Ok so here is an update ~1 month later. The poa a i had is definitely hurting. i guess it could be in part the weather warming up. KBG is taking over those areas. Here are some shots from today.







I will reapply this week as I think it is coming out of regulation.


----------



## Jconnelly6b (Mar 4, 2018)

That definitely looks like chemical kill. The spots I have going dormant just turn into a pale green and wilt away. Not brown like that.

Seems like it has some control. The question becomes - when would be the opportune time to kill it? Early spring before it goes to seed? I think that's when we want our grass to be waking up and rolling.


----------



## MD Mallard (Apr 15, 2019)

Can anyone provide an update on their Poa Triv a year later?


----------



## gm560 (Feb 22, 2018)

It came roaring back.


----------



## Bigdrumnc (Mar 28, 2019)

Yup it's back in full force. It knocks it back and shrivels in the canopy at best.


----------



## VALawnNoob (Jun 9, 2020)

It would come roaring back even if we keep our lawns in regulation this entire time?


----------



## gm560 (Feb 22, 2018)

Like when the lawn is dormant?


----------



## davegravy (Jul 25, 2019)

VALawnNoob said:


> It would come roaring back even if we keep our lawns in regulation this entire time?


Good question!


----------



## davegravy (Jul 25, 2019)

gm560 said:


> Like when the lawn is dormant?


When the desirables are dormant but the poa is growing.


----------



## VALawnNoob (Jun 9, 2020)

yes that's exactly why i'm asking. when the good grass is dormant, putting PGR shouldn't hurt right? yet it would knock down the POA so if it was apply the entire time, wouldn't this keep the Triv from roaring back?
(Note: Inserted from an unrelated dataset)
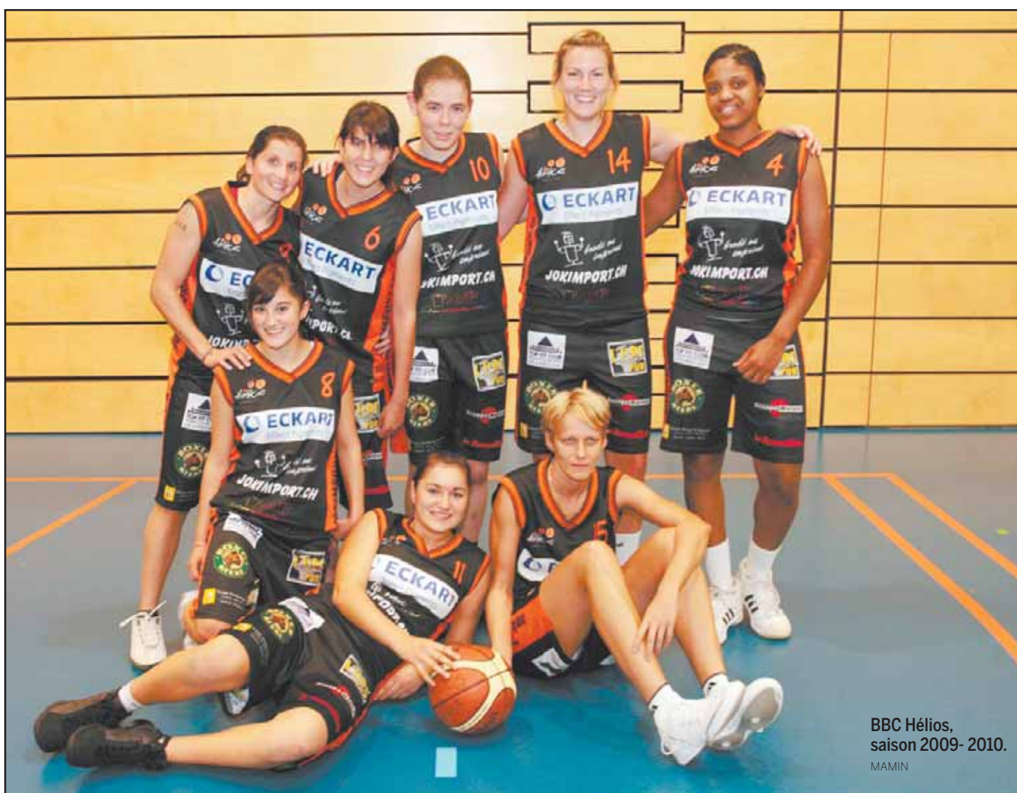
BBC Hélios, saison 2009-2010.

Autre objectif avoué, intégrer au mieux les jeunes joueuses. « Il est important de bien les encadrer. Nous souhaitons aussi qu'elles s'identifient au club, qu'elles soient motivées à venir s'entraîner et qu'elles restent le

Can someone please explain this for me ... or better yet if they have actually tried this?


----------



## gm560 (Feb 22, 2018)

No idea what, if anything, PGR would do to dormant grass or grass in the process of coming out of dormancy. Might be a fun experiment.


----------



## RyanDan (Apr 25, 2020)

Hello Everyone, I used Anuew this year and i loved what it did for my turf, and i'll be using it again in 2022. With that being said i did not have great results with it on my POA-A. I actually think it helped the POA survive the summer heat better as it was hot and i had almost zero die off. It also didn't bleach out at all when i hit it with mesotrione. I've attached some photos of my POA under max rate regulation. Also, i have some POA-T in my lawn, and it actually didn't seem to regulate it nearly as much as the desirable turf. It grew just as fast as the fescue which also didn't seem to be regulated anywhere close to as much as the RYE and *** was.


----------



## Kissfromnick (Mar 25, 2019)

gm560 said:


> No idea what, if anything, PGR would do to dormant grass or grass in the process of coming out of dormancy. Might be a fun experiment.


Massage me you address i will mail u few oz of xonerate it will clear you poa a problem. I hav some xonerate left and not really needed any more. Better to let it work then expired on shelf.


----------